** Aim of the task **
The full set of lines below has to be duplicated exactly, with no picture kept.

** The data **
BEGIN

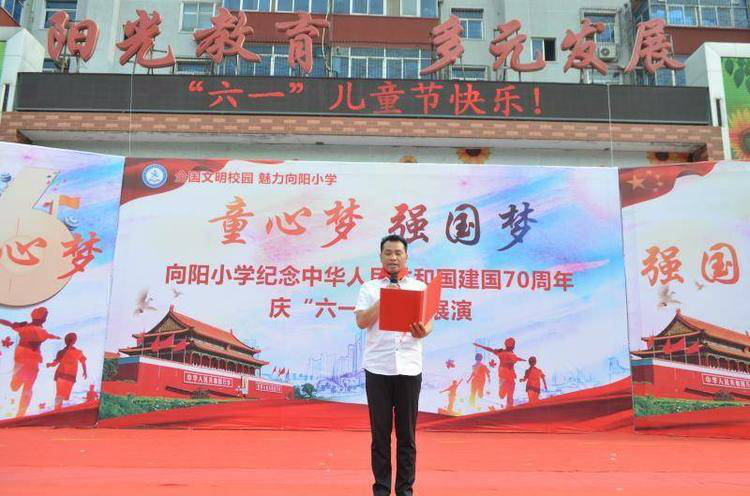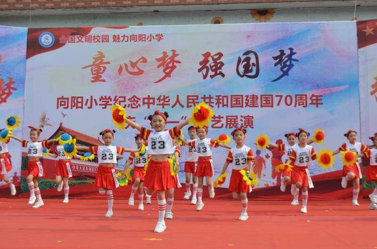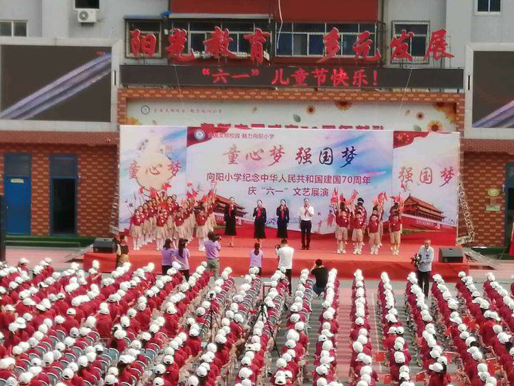 我们的70载,承载了黄天厚土的爱,我们的70载,扎根沃土,酿造芬芳,宣誓初心不改,我们的70载像万里江河澎湃,面朝大海,春暖花开。70年栉风沐雨,中华民族让汗水染绿神州,让春天永驻华夏;向阳小学凝聚童心筑梦的精神力量,激发继续奋斗的责任担当。展演虽然圆满落幕,向阳师生积极饱满的精神风貌和昂扬向上的豪迈斗志不会停歇,全体向阳人将在上级领导的温暖关怀下,在郝红梅校长的精准领导下,引领“全国文明校园 魅力阳光教育”扬帆远航。高瞻远瞩新征程,初心不改情满怀,建功立业新时代!
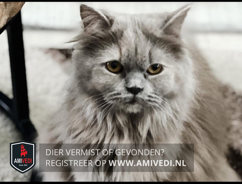 | Signalement | Brits langhaar grijs/bruin gemeleerd. |
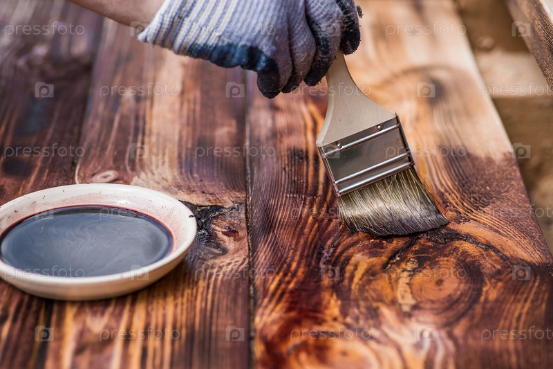 Защита и покрытие деревянных досок.Рабочий наносит защитное деревянное пятно щеткой.Процесс восстановления деревянного пола

END

** Response to this task **
 我们的70载,承载了黄天厚土的爱,我们的70载,扎根沃土,酿造芬芳,宣誓初心不改,我们的70载像万里江河澎湃,面朝大海,春暖花开。70年栉风沐雨,中华民族让汗水染绿神州,让春天永驻华夏;向阳小学凝聚童心筑梦的精神力量,激发继续奋斗的责任担当。展演虽然圆满落幕,向阳师生积极饱满的精神风貌和昂扬向上的豪迈斗志不会停歇,全体向阳人将在上级领导的温暖关怀下,在郝红梅校长的精准领导下,引领“全国文明校园 魅力阳光教育”扬帆远航。高瞻远瞩新征程,初心不改情满怀,建功立业新时代!
 | Signalement | Brits langhaar grijs/bruin gemeleerd. |
 Защита и покрытие деревянных досок.Рабочий наносит защитное деревянное пятно щеткой.Процесс восстановления деревянного пола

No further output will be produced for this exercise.